Comment your code. Each line of a comment should begin with the comment symbol and a single space: #. Comments should explain the why, not the what. 

Use commented lines of - and = to break up your file into easily readable chunks.

3 Data Types vs Data Structures

  • Data Type: In R, “data type” refers to the classification of variables or values, such as numeric, integer, character, etc., which determine how data is stored in memory and what operations can be performed on them.

  • Data Structure: A “data structure” refers to the way data is organized and stored in R objects, such as vectors, lists, matrices

4 Basic Data Types

In R, data types refer to the classification of variables or values that determine how they are stored in memory and what operations can be performed on them. Here are the primary data types in R:

  1. Numeric: Used for numeric (real) values.

    • Examples: 1.5, 3, 0.25
  2. Integer: Used for integer values.

    • Examples: 1L, 2L, 100L
  3. Logical: Used for Boolean values (TRUE or FALSE).

    • Example: TRUE, FALSE
  4. Character: Used for strings of text.

    • Example: "Hello", "R programming"
  5. Factor: A special data type for categorical variables.

    • Example: factor(c("low", "medium", "high"))
  6. Date: Used for dates.

    • Example: as.Date("2023-01-01")
  7. POSIXct and POSIXlt: Used for date-time values (seconds since the Unix epoch and date-time components respectively).

    • Example: as.POSIXct("2023-01-01 12:00:00")
  8. Raw: Used for storing raw bytes.

    • Example: as.raw(c(0x01, 0x02, 0x03))
  9. Complex: Used for complex numbers with real and imaginary parts.

    • Example: 1 + 2i

These data types help R manage different kinds of information and determine how operations such as arithmetic, comparisons, and transformations are performed on them.
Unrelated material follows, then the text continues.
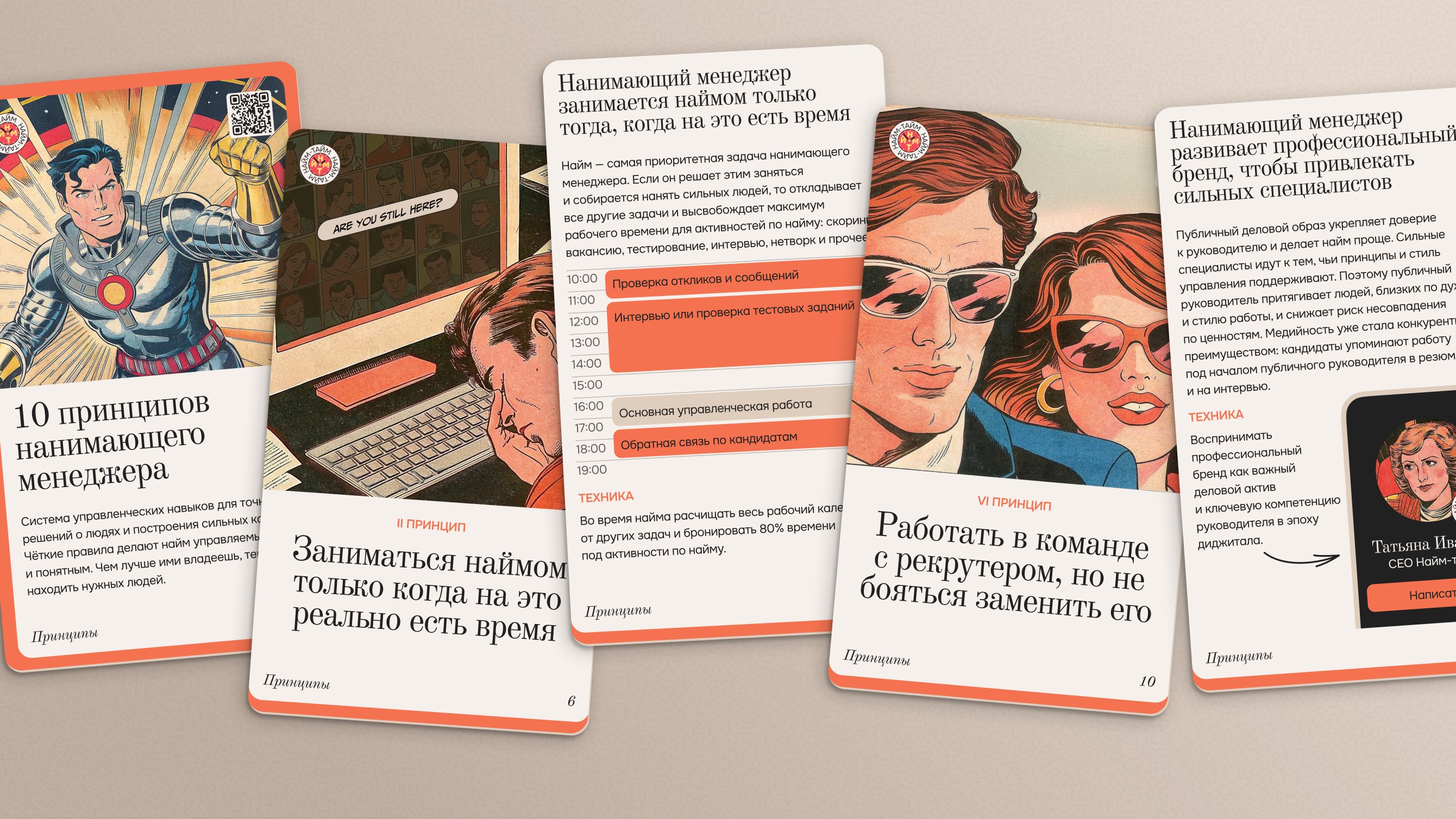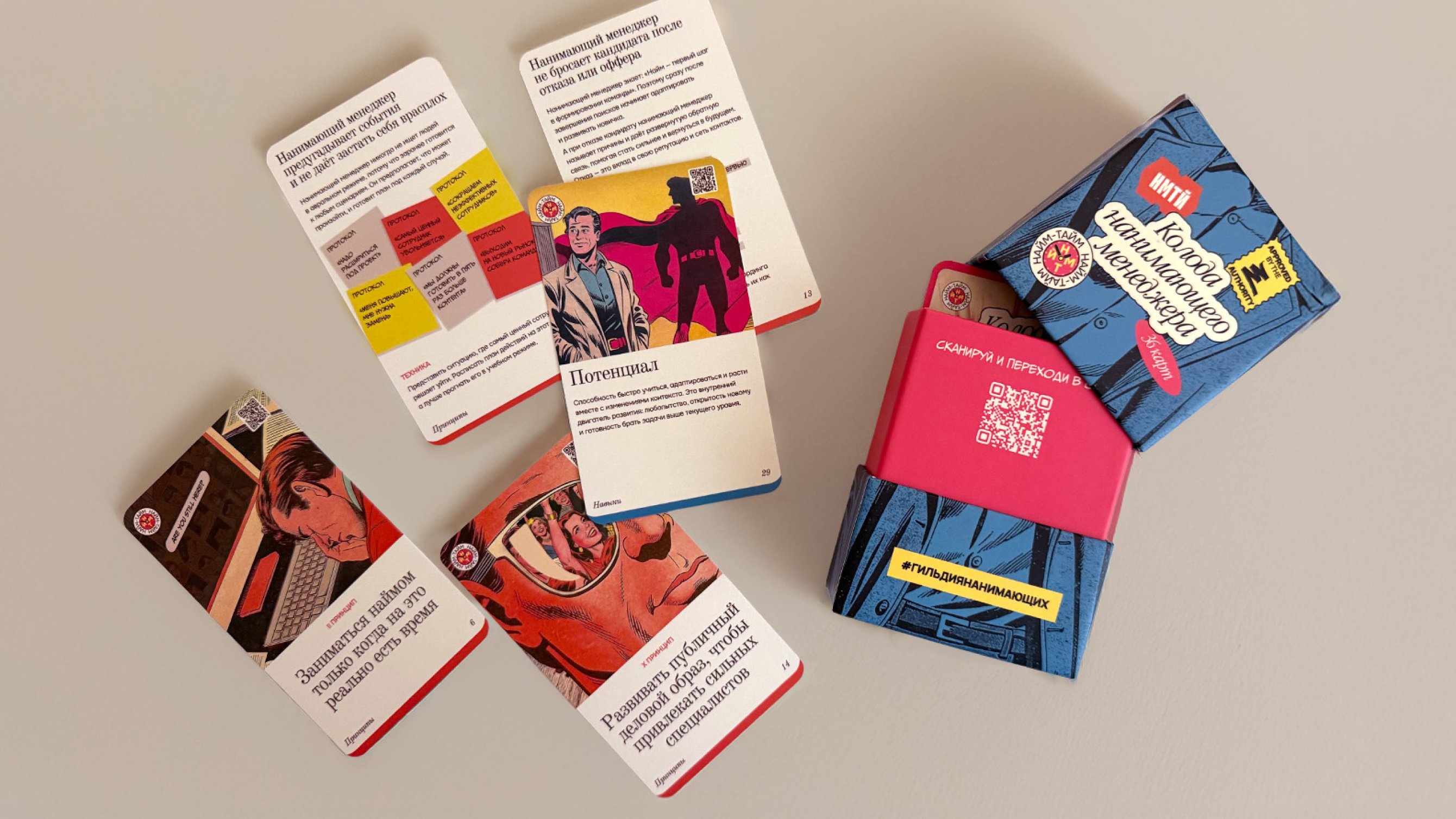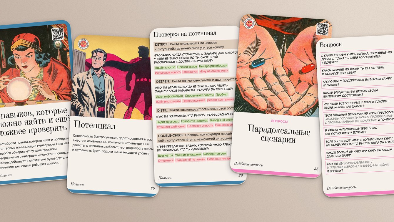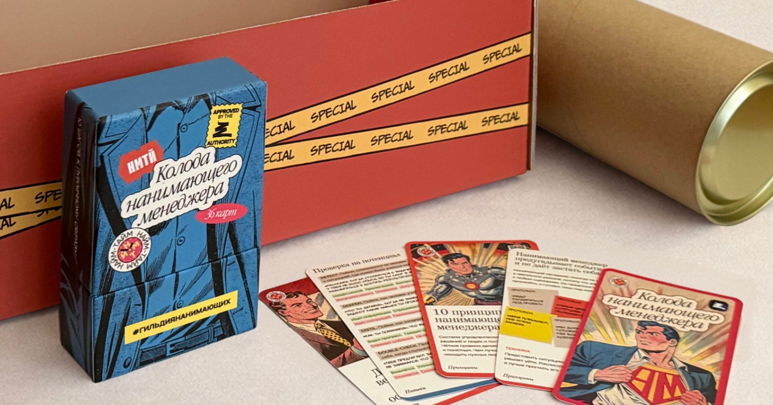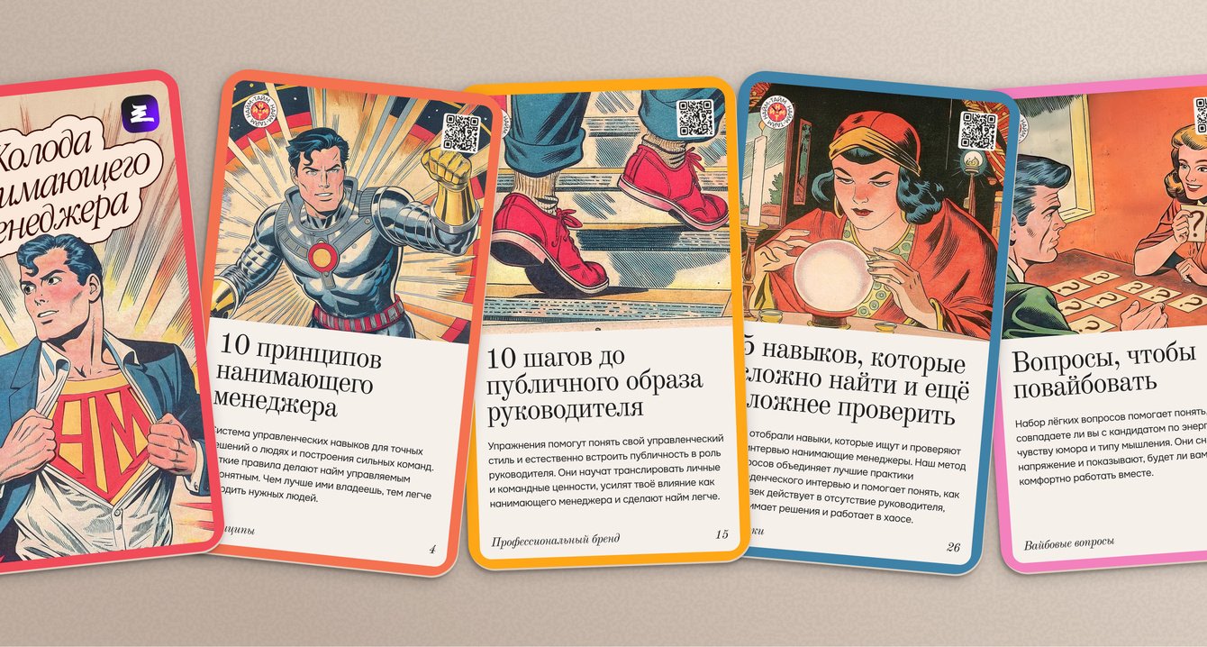 – Колоду карт с принципами найма, шагами развития публичности, вопросами для оценки навыков и проверки вайба на интервью.

Understanding these types is crucial for effective data manipulation, analysis, and programming in R.

  • R Data types are used to specify the kind of data that can be stored in a variable. 
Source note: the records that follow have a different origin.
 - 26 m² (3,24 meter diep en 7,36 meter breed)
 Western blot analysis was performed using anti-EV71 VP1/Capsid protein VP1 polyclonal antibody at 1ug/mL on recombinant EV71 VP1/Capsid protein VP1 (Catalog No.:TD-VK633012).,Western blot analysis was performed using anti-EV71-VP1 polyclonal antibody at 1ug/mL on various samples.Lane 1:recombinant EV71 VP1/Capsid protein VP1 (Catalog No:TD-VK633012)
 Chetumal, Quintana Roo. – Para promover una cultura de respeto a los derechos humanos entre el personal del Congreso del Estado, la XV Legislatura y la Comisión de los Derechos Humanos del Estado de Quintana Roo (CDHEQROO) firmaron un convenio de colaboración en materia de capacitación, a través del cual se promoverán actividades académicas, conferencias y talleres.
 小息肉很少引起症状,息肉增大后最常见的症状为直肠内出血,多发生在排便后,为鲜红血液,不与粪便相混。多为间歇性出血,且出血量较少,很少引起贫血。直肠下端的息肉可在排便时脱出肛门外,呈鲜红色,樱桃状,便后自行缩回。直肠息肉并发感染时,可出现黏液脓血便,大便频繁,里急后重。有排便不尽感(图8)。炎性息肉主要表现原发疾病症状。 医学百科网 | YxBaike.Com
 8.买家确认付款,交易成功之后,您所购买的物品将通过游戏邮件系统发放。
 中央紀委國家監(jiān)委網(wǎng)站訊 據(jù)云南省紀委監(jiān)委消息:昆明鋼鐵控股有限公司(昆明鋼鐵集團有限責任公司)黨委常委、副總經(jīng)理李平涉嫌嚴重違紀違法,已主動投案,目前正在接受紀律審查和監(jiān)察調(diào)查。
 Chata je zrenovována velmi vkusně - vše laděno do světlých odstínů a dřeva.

  • For effective memory consumption and precise computation, the right data type must be selected. 

  • Each R data type has unique properties and associated operations.

    • Different forms of data that can be saved and manipulated are defined and categorized using data types in computer languages including R.

4.1 Comments

  • numeric - (10.5, 55, 787)

    • Decimals
  • integer - (1L, 55L, 100L, where the letter “L” declares this as an integer)

  • character (a.k.a. string) - (“k”, “R is exciting”, “FALSE”, “11.5”).

    • Addresses or names, states or countries.
  • logical (a.k.a. boolean) - (TRUE or FALSE)

    • Comparison, TRUE is usually 1 and FALSE is usually 0.
  • complex - (9 + 3i, where “i” is the imaginary part)

    • Popular in physics, but not in business/economics.
  • factor in R represents categorical data where the possible values (levels) are known and finite.

?datasets()
df <- mtcars
?as.integer
df$mpg2 <- as.integer(df$mpg) 
df$mpg3 <- as.numeric(df$mpg2) 


str(df)
## 'data.frame':    32 obs. of  13 variables:
##  $ mpg : num  21 21 22.8 21.4 18.7 18.1 14.3 24.4 22.8 19.2 ...
##  $ cyl : num  6 6 4 6 8 6 8 4 4 6 ...
##  $ disp: num  160 160 108 258 360 ...
##  $ hp  : num  110 110 93 110 175 105 245 62 95 123 ...
##  $ drat: num  3.9 3.9 3.85 3.08 3.15 2.76 3.21 3.69 3.92 3.92 ...
##  $ wt  : num  2.62 2.88 2.32 3.21 3.44 ...
##  $ qsec: num  16.5 17 18.6 19.4 17 ...
##  $ vs  : num  0 0 1 1 0 1 0 1 1 1 ...
##  $ am  : num  1 1 1 0 0 0 0 0 0 0 ...
##  $ gear: num  4 4 4 3 3 3 3 4 4 4 ...
##  $ carb: num  4 4 1 1 2 1 4 2 2 4 ...
##  $ mpg2: int  21 21 22 21 18 18 14 24 22 19 ...
##  $ mpg3: num  21 21 22 21 18 18 14 24 22 19 ...
2 > 3
## [1] FALSE

5 Data Structures

In R, data structures are fundamental components used to store and organize data efficiently. Each data structure has specific characteristics that determine how data is stored in memory and what operations can be performed on it.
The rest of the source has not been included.